The soldiers were poorly equipped, which of 10 soldiers, only 7 had proper artilleries or weapons to fight with. Insufficient communication had disconnected the government with the military. There was shortage in food supply, as well as medical services. Most peasants were named to fight in war, no matter if they were young or old, weak or sick, they all had to attend war, under the system of autocrat. The poor war condition had resulted thousands of deaths. At the battle of Tannenburg, Russia lost 160,000 men to Germans and there were also great defeats in Poland, Baltic, Ukraine as well as White Russia.

Because of such situation, soldiers demanded for peace, but the government decided to keep fighting, much until 1917. As the war defeat continued, military morale declined. There were many massive surrender. Failing to appreciate the gravity of the situation, more and more wanted to get out of war, and it began to cause internal effects on Russia. Thus, the effects of the war contributed to social and economic unrest in Russia at the beginning of 1917: workers and their families had many grievances about wages that failed to keep pace with inflationary prices, and about the shortages of bread and other foodstuffs in the shops.
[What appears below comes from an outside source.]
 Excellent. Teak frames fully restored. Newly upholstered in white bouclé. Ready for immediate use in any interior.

The immense cost of the war led to dramatic price inflation in Russia; by the end of 1916 were four times those of 1914. Wages rose more slowly than prices, and this lag contributed

to the revival of strikes in the capital at the end of 1916. Food supply was an additional problem, which led to an outbreak out of rioting and strikes in Petrograd and spread to other parts of Russia. This caused the first revolution of 1917, where on March 15th the Tsar was forced to abdicate from power and authority passed to a provisional government, made up of members of the Duma.

Tsar Nicholas II’s lack of military experience and inability to rule the throne all together, additionally contributed to the devastating outcome of WW1 on Russia. “A quick intelligence, a cultivated mind, method and industry in his work, an extraordinary charm that attracted all who came near him- the Emperor Nicholas had not inherited his father’s commanding personality nor the strong character and prompt decision which are so essential to an autocratic ruler... ” stated Sir G.
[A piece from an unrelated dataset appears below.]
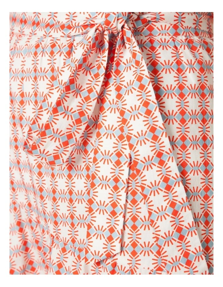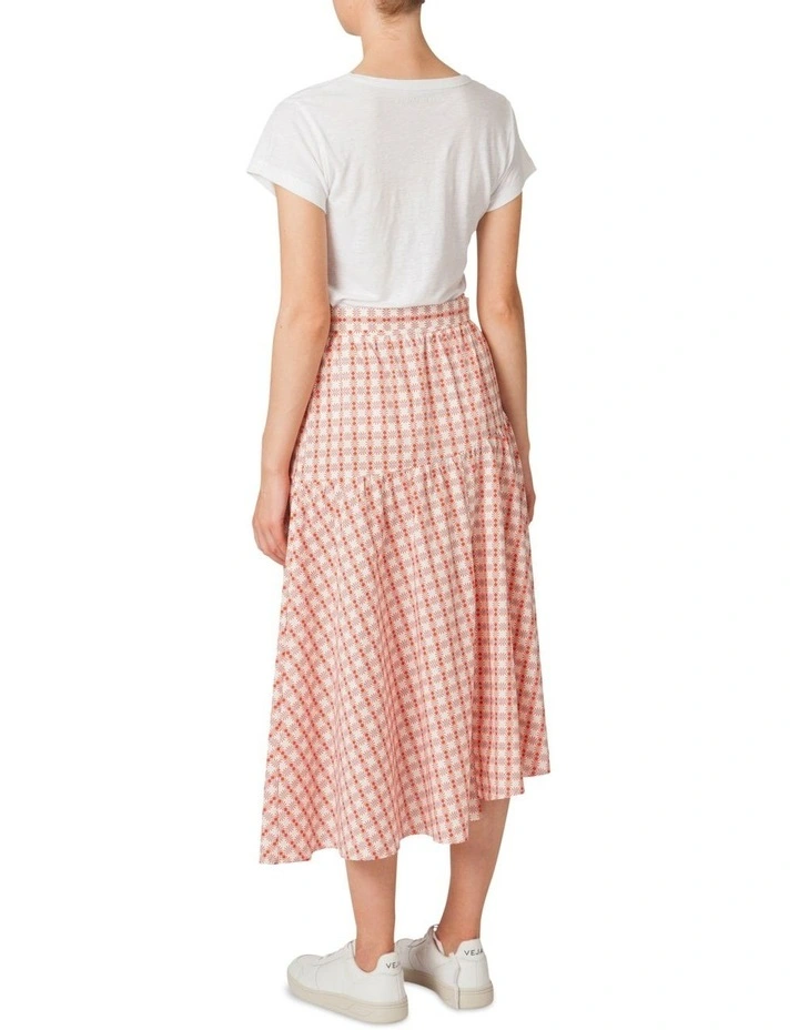 This lightweight cotton printed skirt is a perfect autumn staple, featuring an asymmetrical flounce hem, removable self tie belt and side seam zipper opening. Pairs back with the matching flutter sleeve print top or washed linen v neck tee.

Buchanan, British ambassador to Russia in 1910, emphasizes how the urban lower classes were not the only ones unsatisfied with the Tsar Nicholas II. During the final phase of World War I in 1917, the second Russian Revolution took place. It removed Russia from the war and brought about the transformation of the Russian Empire into the Union of Soviet Socialist Republics (USSR), replacing Russia’s traditional monarchy with the world’s first Communist state. The Revolution was a reaction to the huge losses, government incompetence, and privations of World War I.

What caused or defined the decline and eventual fall of the Romanov dynasty cannot concluded by one influencing factor but a combination of the Tsar’s leadership, Revolutionary groups and the tipping point, World War 1.

From these it is evident though that Tsar Nicholas’ role in World War 1 and the war itself, to a major extent, was a key factor in the end of the 300-year reigning Romanov rule and subsequent execution. Nevertheless, all long-term and immediate causes played a crucial role in stirring the nation until Russian autocracy was clearly overdue to be overthrown.